# MuSiQue(answerable & unanswerable)

In [1]:
from transformers import pipeline
from transformers import AutoConfig, AutoModelForSeq2SeqLM, AutoTokenizer
# import streamlit as st

model = AutoModelForSeq2SeqLM.from_pretrained("Babelscape/rebel-large")
tokenizer = AutoTokenizer.from_pretrained("Babelscape/rebel-large")
triplet_extractor = pipeline('text2text-generation', model= model, tokenizer= tokenizer)

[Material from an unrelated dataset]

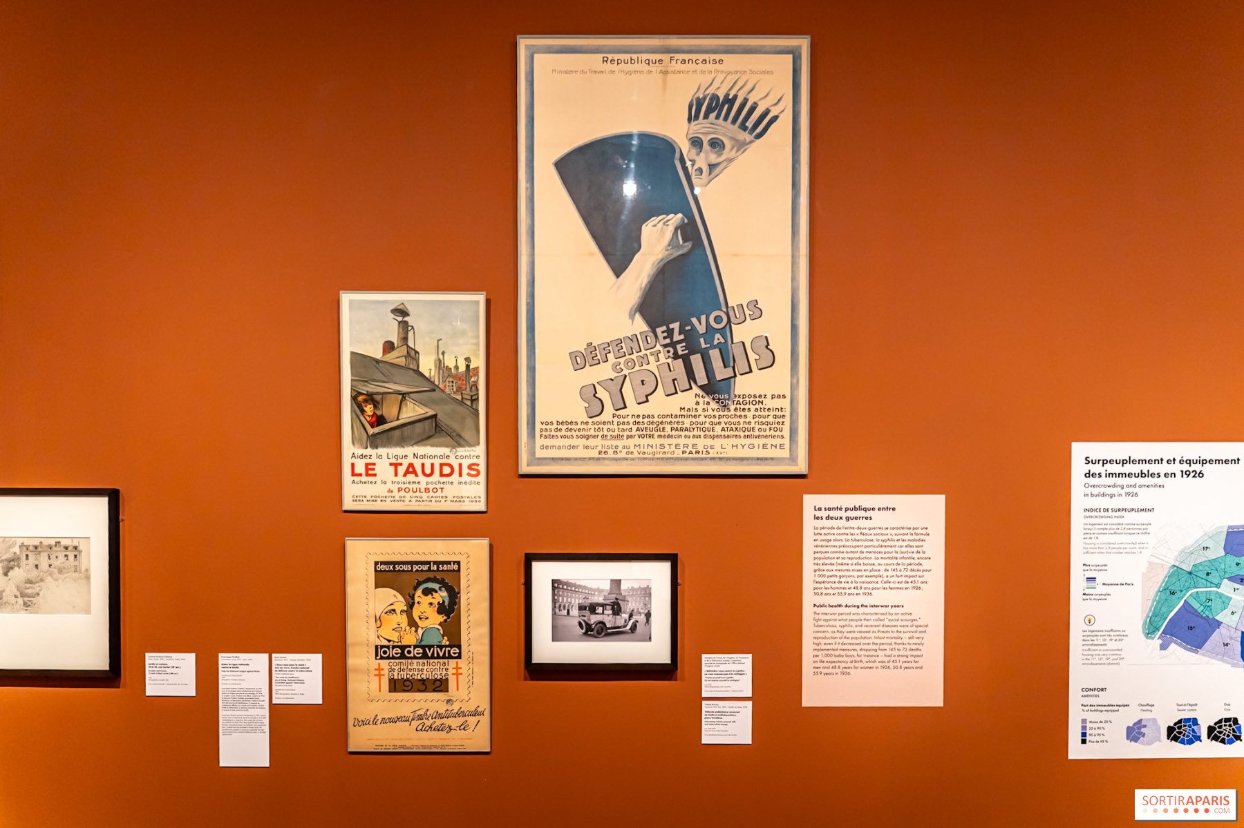Prin intermediul fotografiilor de epocă, al cărților poștale, al obiectelor cotidiene și al graficii computerizate, expoziția realizează un portret în patru etape: locurile de naștere și naționalitățile, ocupațiile, situațiile familiale și distribuția în fiecare cartier și clădire. Expoziția prezintă modul în care era structurată viața pariziană, de la cartierele de lux din vest la suburbiile muncitorești din est, de la atelierele meșteșugărești din Marais la cafenele-restaurante precum cea imortalizată pe o carte poștală, Au Réveil Matin, situată pe avenue Jean-Jaurès în arondismentul 19. Această imagine a unei cafenele populare din anii 1930 este deosebit de fascinantă.
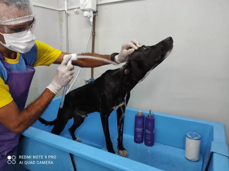Στον σκύλο έγινε ένα καθαριστικό μπάνιο και η Φερέιρα του έδωσε φαρμακευτική αγωγή. Αλλά περισσότερο από αυτό, αναζητώντας βοήθεια, ο μοναχικός σκύλος βρήκε κάτι ακόμη περισσότερο.

  from .autonotebook import tqdm as notebook_tqdm
Hardware accelerator e.g. GPU is available in the environment, but no `device` argument is passed to the `Pipeline` object. Model will be on CPU.


In [2]:
from llama_index.core import ServiceContext
from openai import OpenAI
from llama_index.core import Settings,KnowledgeGraphIndex
from llama_index.core import Document
from llama_index.core.node_parser import TokenTextSplitter
import json
from tqdm.auto import tqdm
import hashlib
import random
from langchain.text_splitter import RecursiveCharacterTextSplitter

In [3]:
# Function to parse the generated text and extract the triplets
# Rebel outputs a specific format. This code is mostly copied from the model card!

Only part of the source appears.